Network Working Group D. Thaler 
Request for Comments: 2991 Microsoft 
Category: Informational C. Hopps 
NextHop Technologies 

November 2000 


Multipath Issues in Unicast and Multicast Next-Hop Selection 
Status of this Memo 


This memo provides information for the Internet community. It does 
not specify an Internet standard of any kind. Distribution of this 
memo is unlimited. 


Copyright Notice 
Copyright (C) The Internet Society (2000). All Rights Reserved. 
Abstract 


Various routing protocols, including Open Shortest Path First (OSPF) 
and Intermediate System to Intermediate System (ISIS), explicitly 
allow "Equal-Cost Multipath" (ECMP) routing. Some router 
implementations also allow equal-cost multipath usage with RIP and 
other routing protocols. The effect of multipath routing ona 
forwarder is that the forwarder potentially has several next-hops for 
any given destination and must use some method to choose which next- 
hop should be used for a given data packet. 


1. Introduction 


Various routing protocols, including OSPF and ISIS, explicitly allow 
"Equal-Cost Multipath" routing.
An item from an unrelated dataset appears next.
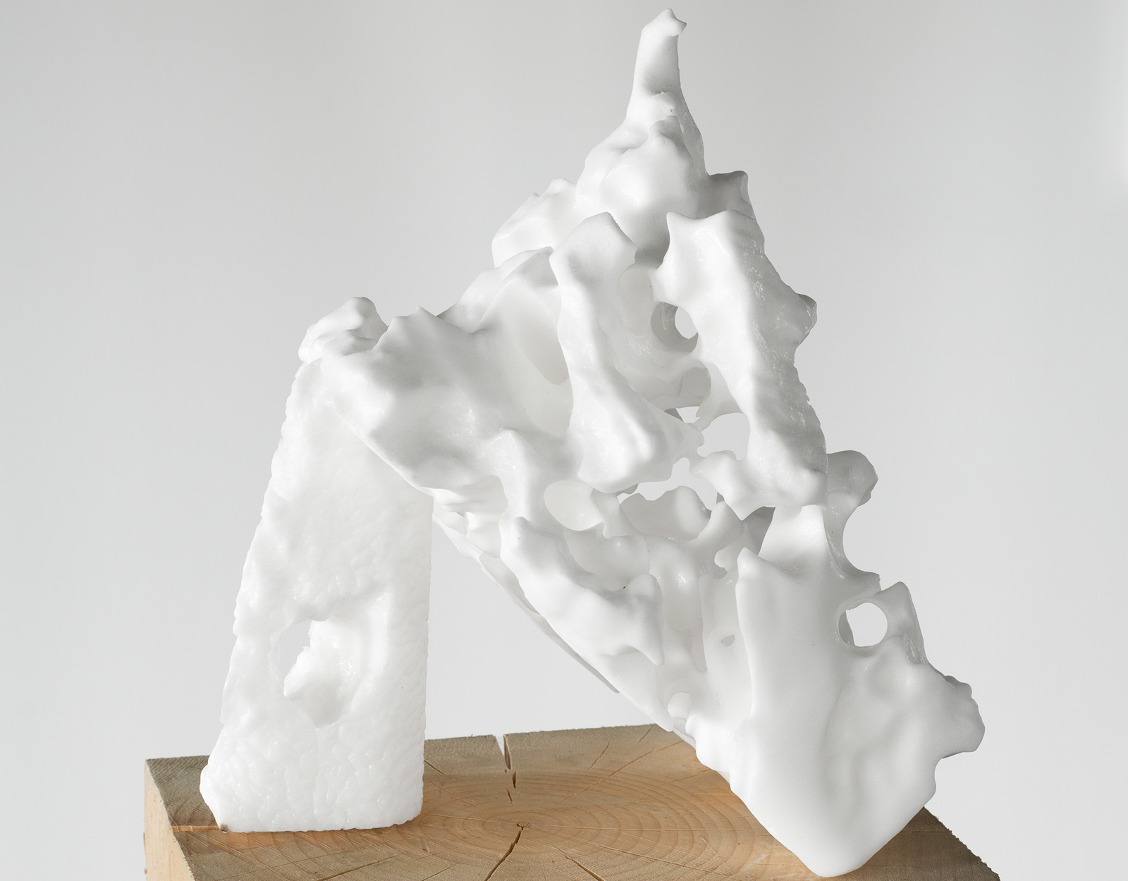 It began with the concept—and, soon after, the title. “We wanted an exploration of works underwater and into space,” Sirkin says. “But I wanted to make sure that there was a spiritual, ethereal element to this. In our group shows, I am pulling together unexpected juxtapositions. In exploring sea and space we were drawn to the idea of the void and the abyss.” Certain works touch upon all of this literally, but others—including Mollie McKinley’s striking salt sculpture “Support Monolith” (2017) and Fafnir Adamites’ otherworldly “Impediment Series II” (2018) of sculpted paper and fiber pulp—in more abstract ways.

Some router implementations also 
allow equal-cost multipath usage with RIP and other routing 
protocols. Using equal-cost multipath means that if multiple equal- 
cost routes to the same destination exist, they can be discovered and 
used to provide load balancing among redundant paths. 


The effect of multipath routing on a forwarder is that the forwarder 
potentially has several next-hops for any given destination and must 
use some method to choose which next-hop should be used for a given 
data packet. This memo summarizes current practices, problems, and 
solutions.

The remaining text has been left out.